I think the Pure Functional Programming people are leaving in a fantasy land. They speak about Pure FP as if it makes it impossible to introduce bugs, which, of course, it's not the case at all. They blame the concept of "state" for everything, which is absurd, to say the least. Their programs are full of monadic type declarations, since almost everything requires state, and when they are asked to produce a quicksort implementation that is as fast as in-place quicksort, or when they are asked to solve the problem of tree (parent points to child, child points to parent), they mumble something about some very strange patterns (they call it the zip pattern or something like that) that requires you to interleave your code (whatever that is: a calculation, event management in a gui app, packet reception from the network) with the tree manipulation structure, resulting in a big spaghetti mess.

The advantages of functional programming include the strong and static type system and the functions as first class entities. Pureness is a straitjacket and a severe disadvantage.

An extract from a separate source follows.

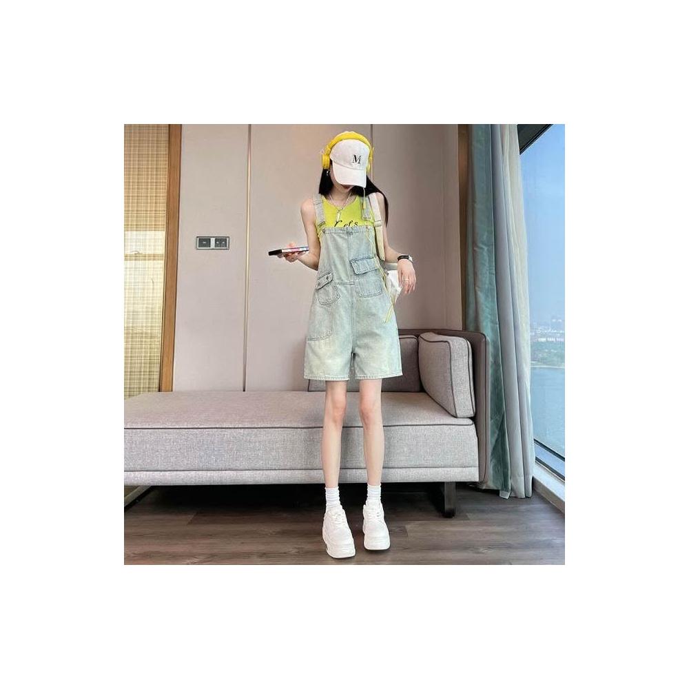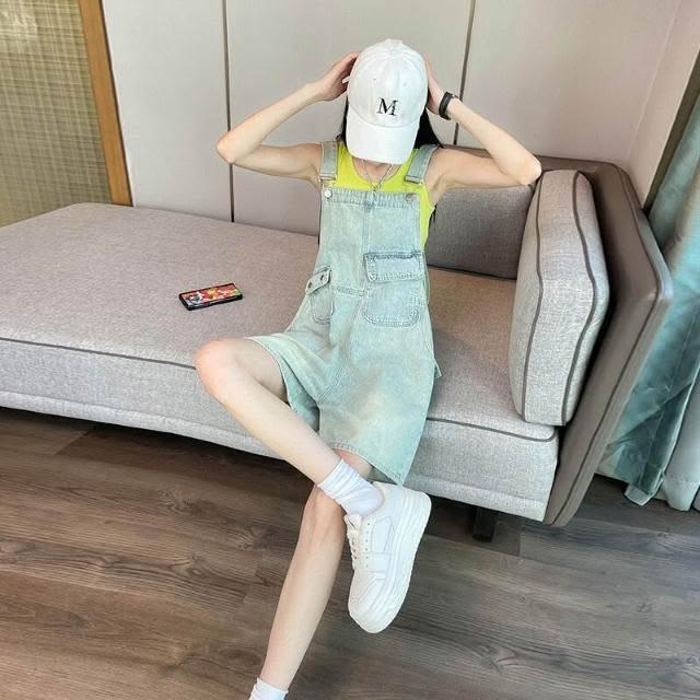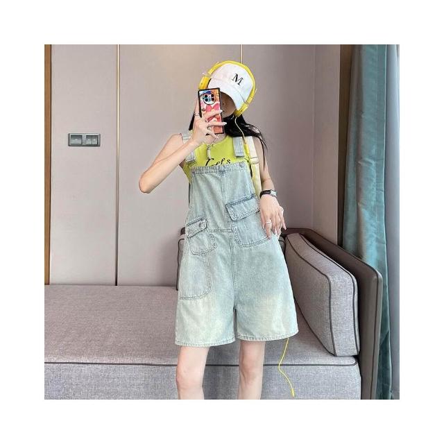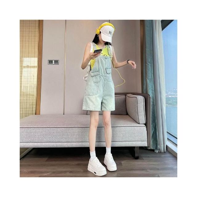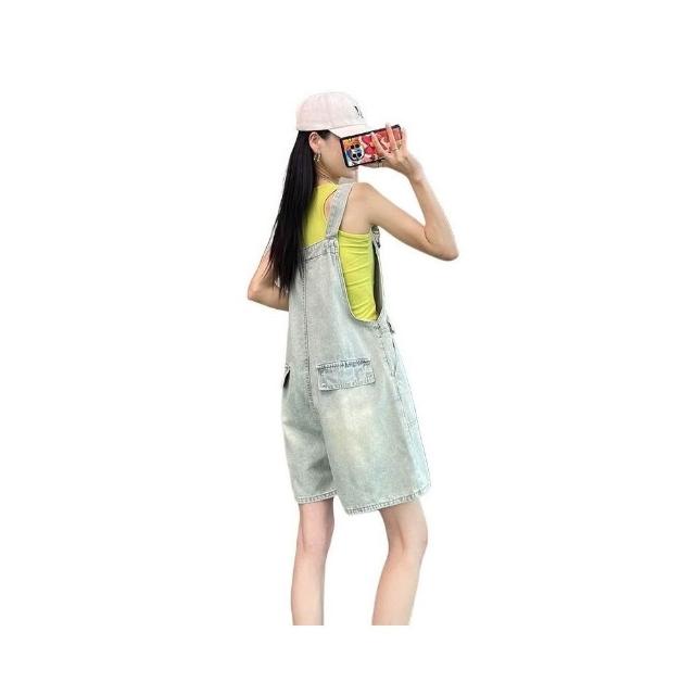新品 含發票 牛仔背帶短褲女夏季薄款2025年新款顯瘦小個子減齡吊帶闊腿連體褲

Here is an example of the madness (quote taken from the article):

A large system that's a graph of mutable objects is just very hard to understand.

And in Pure FP, a large computation that's a graph of function calls is also very hard to understand. The wrong values appear at function parameters instead of object members. There is no difference in reality between objects that are inconsistent internally and functions with wrong parameters. In Pure FP, the problem of wrong values is transferred from objects to functions.

The real issue behind programming is not time or pureness or immutability.

First of all, there is no such thing as an impure function, unless the function reads some value from the hardware. Each and every procedure/function/subroutine/calculation in a program will give the exact same result, if given the exact same parameters. And by parameters, I mean not only the values passed to it, but implicit parameters like global variables. External variables to a function are input variables to the function as well. Given a function F and and input I, where I is P (parameters passed to the function) and G (variables accessible in the context of F), the output is always O:

I = {P, G}
F(I) = O

The real issue in programming is partial functions. Most, if not all, programming functions, allow for partial functions, i.e. for functions where not all the possible values of the input are mapped to a result.

For example (to take an example from the article), A Date object is inconsistent because of violation of the mathematical function that defines the date. When we have month = February and then we set the day = 31, we have violated the definition of Date. There is no date February, 31. It's not a problem of time, it's a problem of partiality: at that specific point of computation, we have violated the definition of Date.

The problem of partial functions extends to everything. For example, the function 'fclose' is defined as a function that takes as input an open file, not a closed one. But there is no check from the compiler if we pass a closed file or not.

Another example is functions that do not accept null pointers. The input set of such a function does not include the null value, but the compiler does not complain. FP languages somewhat address the problem by using Maybe types, but the solution does not cover the whole range of problems. For example, it's not possible to say that the input pointer for a function can take values within the range X..Y.

One solution to the problem of partial functions is to make values as types. A range type from X to Y, for example, can only statically accept a value that is within the range; at run time, if we have a value that may be out of range, we statically promote the value to the X..Y if the value is inside the range, and we declare an alternative action when the value is outside of the range. For example (in C++ parlance):


int main() {
int i;

//input of arbitrary value
cin >> i;

//new construct: match i within a range;
match (i => range<10, 20>) {
//from now on, the type of i is 'range<10, 20>', not 'int'.

//we can access an array's members without bounds checking.
array<int, 10, 20> data;

data[i] = 5;
}
otherwise {
//value out of range.
}

}


Incidentally, using values as types allows for a lot of optimizations; for example, in the above, bounds checking is redundant.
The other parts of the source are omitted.